El museo Louisiana, ubicado en Humleberg, junto al mar Báltico y a unos cuarenta kilómetros de Copenhague, se ha convertido en uno de los espacios de reflexión del arte moderno de referencia. La exposición (la primera del mundo de estas dimensiones) se enmarca en la tradición del museo de involucrarse en el presente, la libertad de expresión, la democracia y los derechos humanos. Su director, Paul Eric Turner, sostiene que “se trata de una plataforma obvia para acercar el arte político del grupo a la vida”.
“El humor ayuda a romper el terror”
Terrorismo de terciopelo se gestó a lo largo de varios meses en colaboración con Maria Aliójina (Moscú, 1988), una de las líderes de la banda, conocida como Masha y considerada por las autoridades rusas como “delincuente habitual”, motivo por el que era arrestada de manera frecuente con cargos falsos, según ella. En una entrevista realizada por el museo durante el montaje de la exposición, la activista asegura que el sistema pretende generar miedo entre la población y paralizarla. “Creemos que las sonrisas y el humor ayudan a romper ese terror”, dice. Masha describe el régimen actual como totalitario y el desarrollo desde 2012, cuando fue detenida en la catedral moscovita, hasta ahora como “el camino al infierno”, un trayecto que alcanzó su punto más bajo con la invasión de Ucrania en 2022. Masha, que escapó el año pasado de Rusia —disfrazada de repartidora de comida— para eludir la creciente presión del Kremlin, asegura que “el mundo debería unirse y proteger a Ucrania”: “Es una vergüenza constante, no quiero que gane Rusia”.

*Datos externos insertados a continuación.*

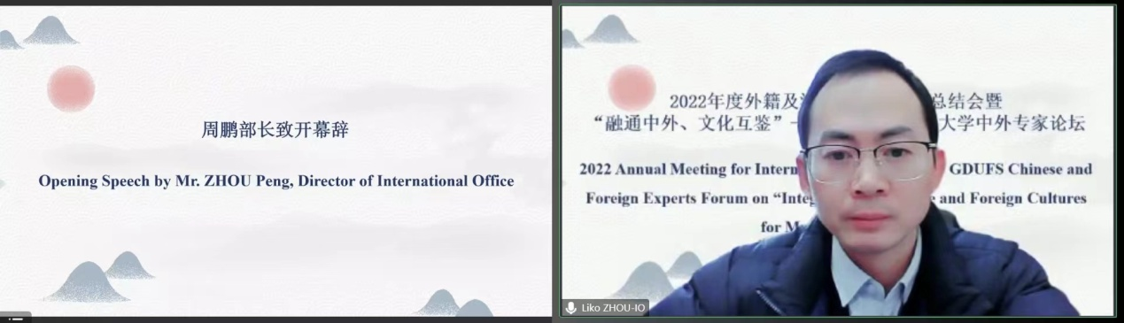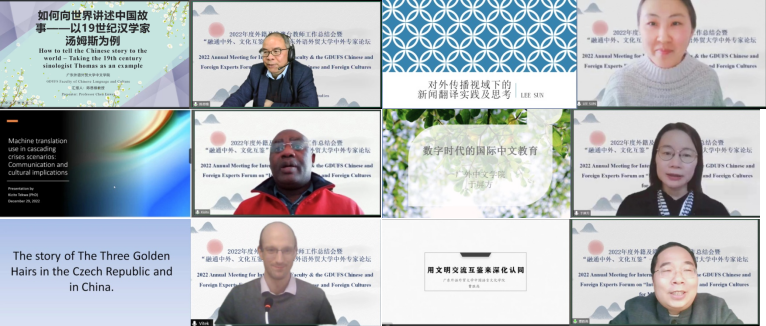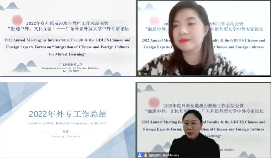 2022年12月29日下午,我校2022年外籍及港澳台教师年度工作总结会暨“融通中外、文化互鉴”——广东外语外贸大学中外专家论坛在线举行。本次活动由国际交流合作部、港澳台事务工作部(以下简称“国际部”)主办、中国语言文化学院协办。国际部部长周鹏为活动致开幕辞,国际部副部长陆露主持会议,全体外教、各单位外事负责人、国际部全体人员共95人出席了活动。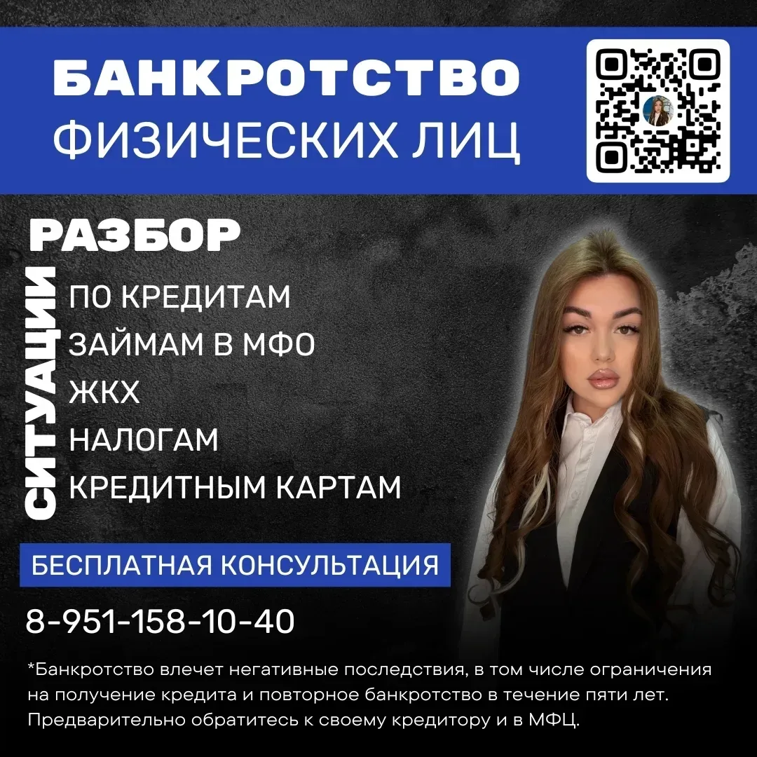 *Банкротство влечет негативные последствия, в том числе ограничения на получение кредита и повторное банкротство в течение пяти лет. Предварительно обратитесь к своему кредитору и в МФЦ.*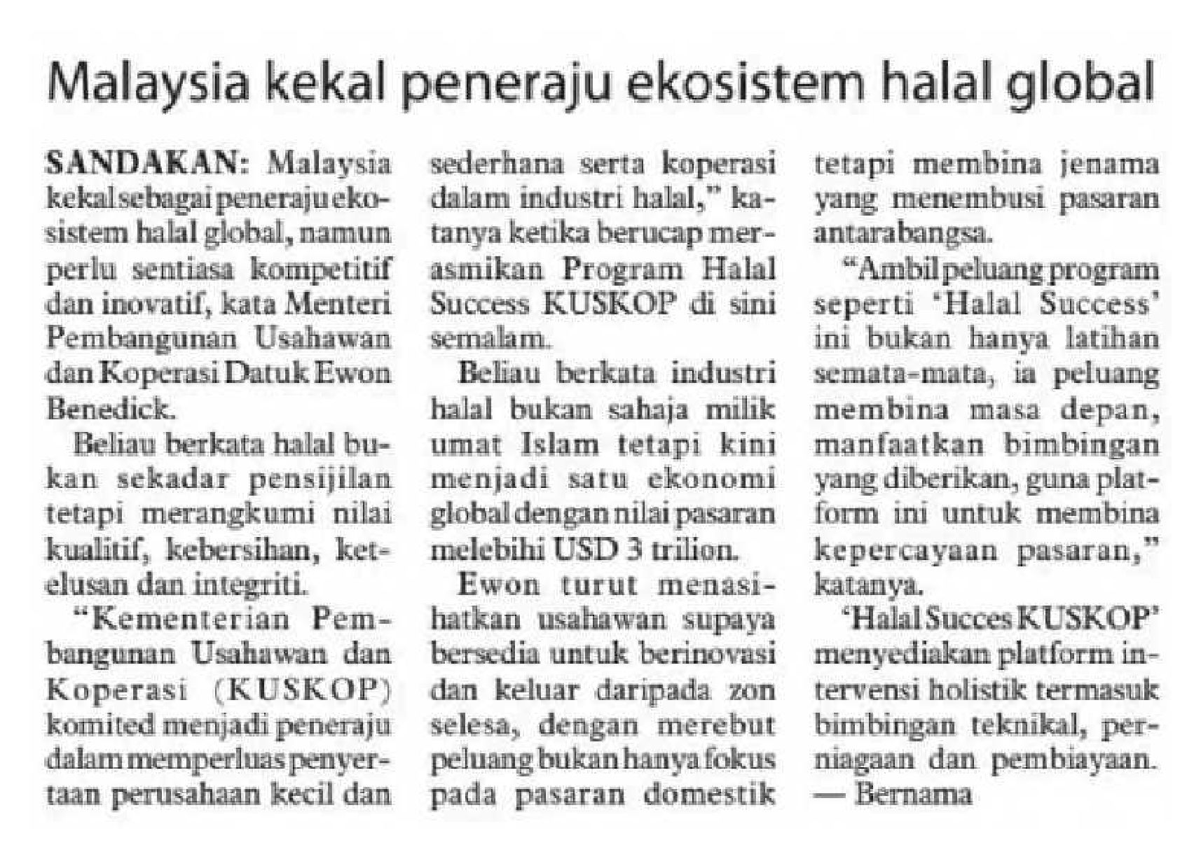 10/7/2025 Bernama Online KUSKOP Yakin Penurunan OPR Beri Kesan Positif Kepada PMKS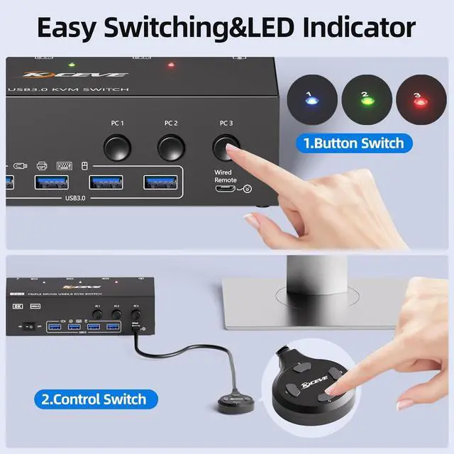 Easily Switch -2 Switching MethdosMethod 1:Switch via the panel buttons on our KVM switch.Method 2:With the wired extension button,you can switch signal sources via the button even if the KVM is placed away from the work area,keeping the desktop tidy and reducing cable clutter.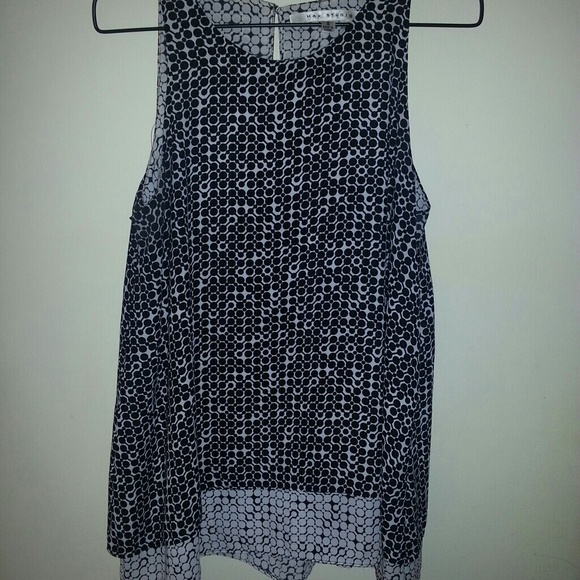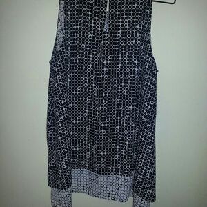 2 layer black and white polka dot blouse looks great with jeans, pants or a skirt. Mother of pearl button at back of neck.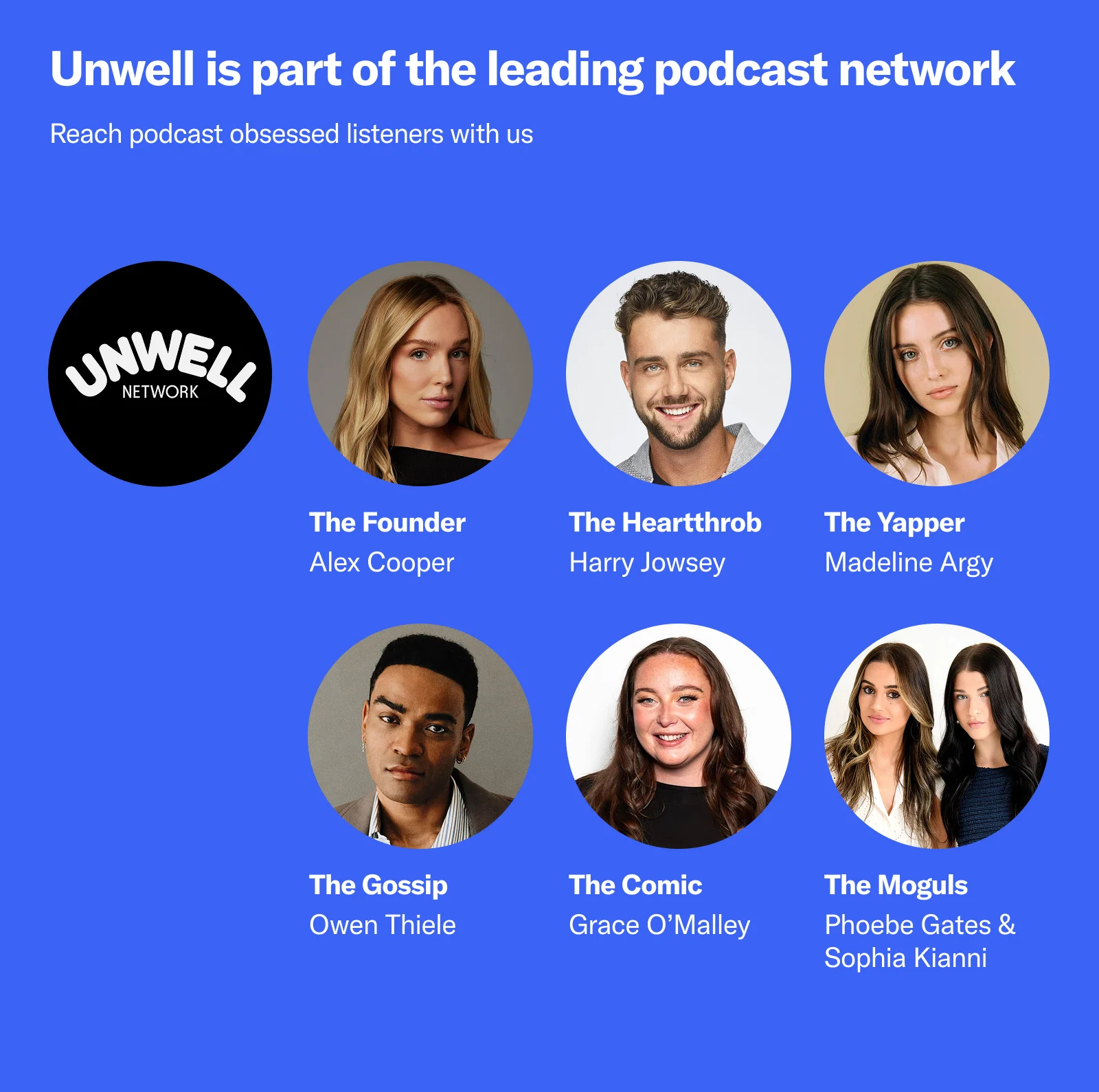 And this is where influence actually moves the needle for brands. Unwell’s listeners aren’t passive, they’re plugged in, loyal across platforms, and ready to make a move when a host makes a recommendation. It’s more than a network, it’s an opportunity for advertisers who want to show up in the moments and conversations young listeners are obsessed with.

Sobre la reelección de Putin en 2012 y el origen de su lucha, Masha añade que su banda ya lo avisó. “Hablamos en diferentes parlamentos, yo hice entrevistas, hablé con políticos, opositores y gente de la calle, pero no solo yo. No solo Pussy Riot, la oposición advirtió de los peligros del régimen, pero los intereses comerciales se volvieron más importantes que la vida humana”. La lucha del colectivo, cuenta, fue creciendo “paso a paso”. “Cuando vemos algo injusto reaccionamos. No había un plan de resistencia, aunque la revolución estaba en nuestros corazones. Usamos lo que teníamos, estábamos desnudas frente al sistema, pero hicimos algo”.
Hicieron actos como atacar con aviones de papel un edificio oficial moscovita. Como resultado, Masha fue detenida. Su imagen con un avión de papel azul entre las manos y escoltada por dos policías forma parte del material expuesto. Y grabaron vídeos con un punto escatológico, de esos pelín bestia y marca de la casa: una activista de pelo rubio, con una foto de Putin entre las piernas, se levanta la falda hasta las ingles y suelta una larga y sonora meada. Al abandonar la sala suena solemne el himno ruso. Pussy Riot ya es mucho más que una banda. Cualquiera puede ser una Pussy Riot.